WHAT YOU ARE ASKED TO DO:
Would you please transcribe the records below exactly, leaving out the pictures?

+++

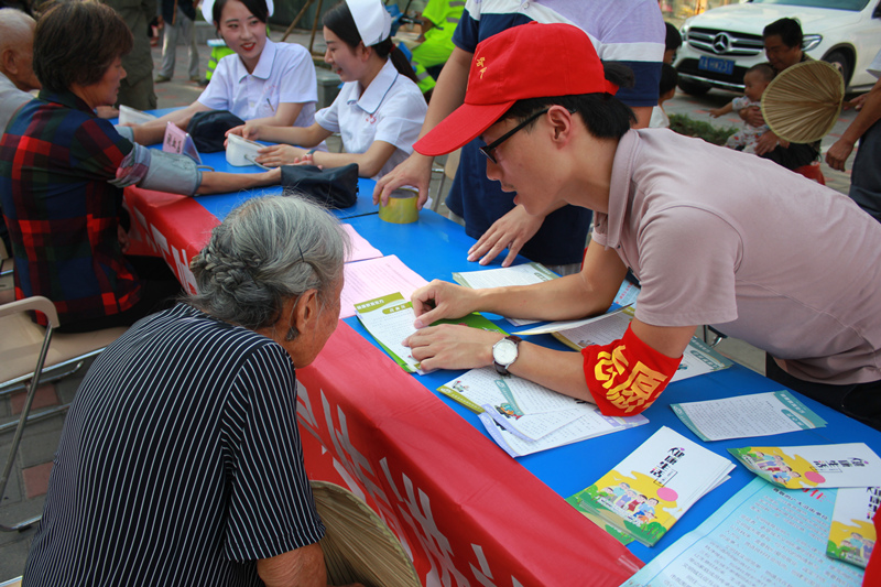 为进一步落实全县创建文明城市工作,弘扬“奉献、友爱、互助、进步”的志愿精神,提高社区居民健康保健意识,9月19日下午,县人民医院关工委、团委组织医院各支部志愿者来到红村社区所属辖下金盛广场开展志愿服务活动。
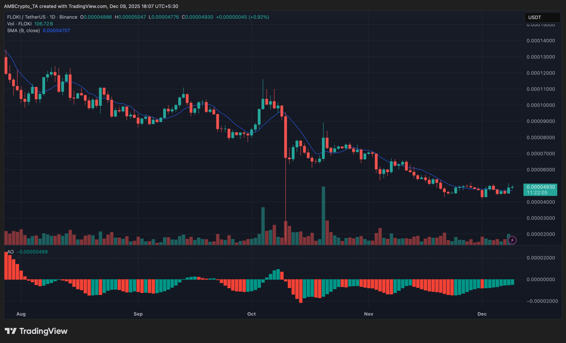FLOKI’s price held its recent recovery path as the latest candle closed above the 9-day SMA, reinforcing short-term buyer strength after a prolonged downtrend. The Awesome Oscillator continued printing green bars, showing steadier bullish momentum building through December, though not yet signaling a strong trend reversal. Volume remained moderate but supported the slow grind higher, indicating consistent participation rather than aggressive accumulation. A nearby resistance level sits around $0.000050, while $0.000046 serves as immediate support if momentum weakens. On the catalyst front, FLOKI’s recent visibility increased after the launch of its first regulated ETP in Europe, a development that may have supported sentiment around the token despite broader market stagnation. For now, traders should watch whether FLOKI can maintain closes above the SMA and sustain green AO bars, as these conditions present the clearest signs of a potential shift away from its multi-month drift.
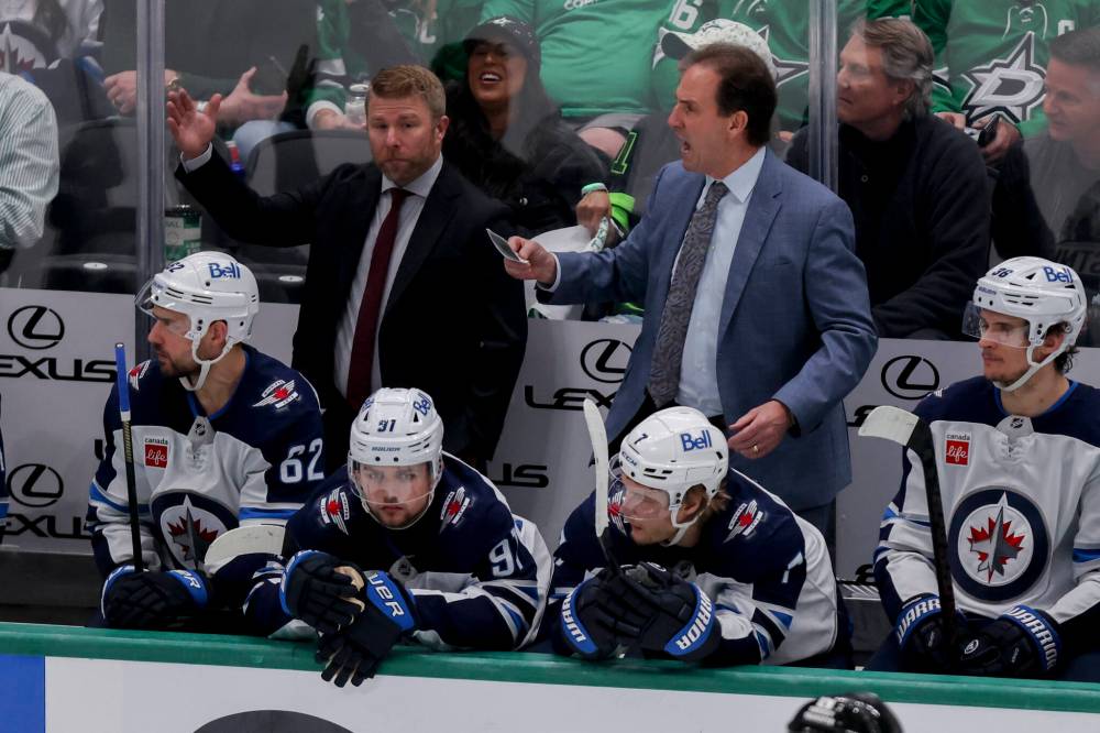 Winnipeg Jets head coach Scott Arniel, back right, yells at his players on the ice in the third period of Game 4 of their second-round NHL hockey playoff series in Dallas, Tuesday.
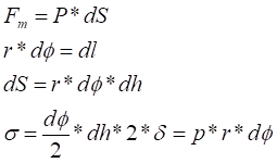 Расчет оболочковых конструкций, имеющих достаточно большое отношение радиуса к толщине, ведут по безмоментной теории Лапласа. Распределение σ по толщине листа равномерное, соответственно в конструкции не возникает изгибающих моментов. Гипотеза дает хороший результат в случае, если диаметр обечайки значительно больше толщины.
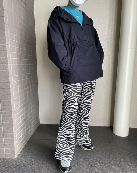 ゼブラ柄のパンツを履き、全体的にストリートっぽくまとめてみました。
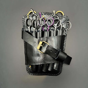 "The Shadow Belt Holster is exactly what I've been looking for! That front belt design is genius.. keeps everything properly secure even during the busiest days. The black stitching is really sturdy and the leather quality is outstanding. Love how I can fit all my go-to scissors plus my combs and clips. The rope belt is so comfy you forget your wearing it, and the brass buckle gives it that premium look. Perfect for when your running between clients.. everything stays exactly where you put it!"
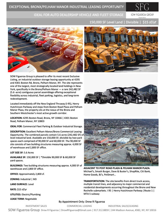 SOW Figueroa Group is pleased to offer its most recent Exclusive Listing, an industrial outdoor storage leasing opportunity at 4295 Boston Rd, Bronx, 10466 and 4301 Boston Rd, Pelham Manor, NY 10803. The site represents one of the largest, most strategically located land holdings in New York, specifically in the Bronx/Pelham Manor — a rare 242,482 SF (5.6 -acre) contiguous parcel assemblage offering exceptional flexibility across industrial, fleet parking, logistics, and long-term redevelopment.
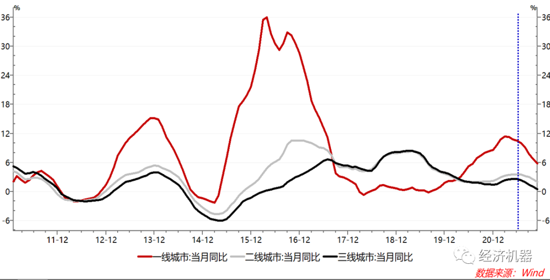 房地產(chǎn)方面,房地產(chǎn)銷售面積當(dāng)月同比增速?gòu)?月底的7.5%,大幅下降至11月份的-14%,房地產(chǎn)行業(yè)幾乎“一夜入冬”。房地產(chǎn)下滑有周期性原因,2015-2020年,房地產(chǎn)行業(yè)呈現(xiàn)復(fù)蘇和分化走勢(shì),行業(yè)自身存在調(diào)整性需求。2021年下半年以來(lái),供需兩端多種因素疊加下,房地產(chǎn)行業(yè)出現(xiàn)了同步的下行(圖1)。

+++

RESPONSE:
 为进一步落实全县创建文明城市工作,弘扬“奉献、友爱、互助、进步”的志愿精神,提高社区居民健康保健意识,9月19日下午,县人民医院关工委、团委组织医院各支部志愿者来到红村社区所属辖下金盛广场开展志愿服务活动。
FLOKI’s price held its recent recovery path as the latest candle closed above the 9-day SMA, reinforcing short-term buyer strength after a prolonged downtrend. The Awesome Oscillator continued printing green bars, showing steadier bullish momentum building through December, though not yet signaling a strong trend reversal. Volume remained moderate but supported the slow grind higher, indicating consistent participation rather than aggressive accumulation. A nearby resistance level sits around $0.000050, while $0.000046 serves as immediate support if momentum weakens. On the catalyst front, FLOKI’s recent visibility increased after the launch of its first regulated ETP in Europe, a development that may have supported sentiment around the token despite broader market stagnation. For now, traders should watch whether FLOKI can maintain closes above the SMA and sustain green AO bars, as these conditions present the clearest signs of a potential shift away from its multi-month drift.
 Winnipeg Jets head coach Scott Arniel, back right, yells at his players on the ice in the third period of Game 4 of their second-round NHL hockey playoff series in Dallas, Tuesday.
 Расчет оболочковых конструкций, имеющих достаточно большое отношение радиуса к толщине, ведут по безмоментной теории Лапласа. Распределение σ по толщине листа равномерное, соответственно в конструкции не возникает изгибающих моментов. Гипотеза дает хороший результат в случае, если диаметр обечайки значительно больше толщины.
 ゼブラ柄のパンツを履き、全体的にストリートっぽくまとめてみました。
 "The Shadow Belt Holster is exactly what I've been looking for! That front belt design is genius.. keeps everything properly secure even during the busiest days. The black stitching is really sturdy and the leather quality is outstanding. Love how I can fit all my go-to scissors plus my combs and clips. The rope belt is so comfy you forget your wearing it, and the brass buckle gives it that premium look. Perfect for when your running between clients.. everything stays exactly where you put it!"
 SOW Figueroa Group is pleased to offer its most recent Exclusive Listing, an industrial outdoor storage leasing opportunity at 4295 Boston Rd, Bronx, 10466 and 4301 Boston Rd, Pelham Manor, NY 10803. The site represents one of the largest, most strategically located land holdings in New York, specifically in the Bronx/Pelham Manor — a rare 242,482 SF (5.6 -acre) contiguous parcel assemblage offering exceptional flexibility across industrial, fleet parking, logistics, and long-term redevelopment.
 房地產(chǎn)方面,房地產(chǎn)銷售面積當(dāng)月同比增速?gòu)?月底的7.5%,大幅下降至11月份的-14%,房地產(chǎn)行業(yè)幾乎“一夜入冬”。房地產(chǎn)下滑有周期性原因,2015-2020年,房地產(chǎn)行業(yè)呈現(xiàn)復(fù)蘇和分化走勢(shì),行業(yè)自身存在調(diào)整性需求。2021年下半年以來(lái),供需兩端多種因素疊加下,房地產(chǎn)行業(yè)出現(xiàn)了同步的下行(圖1)。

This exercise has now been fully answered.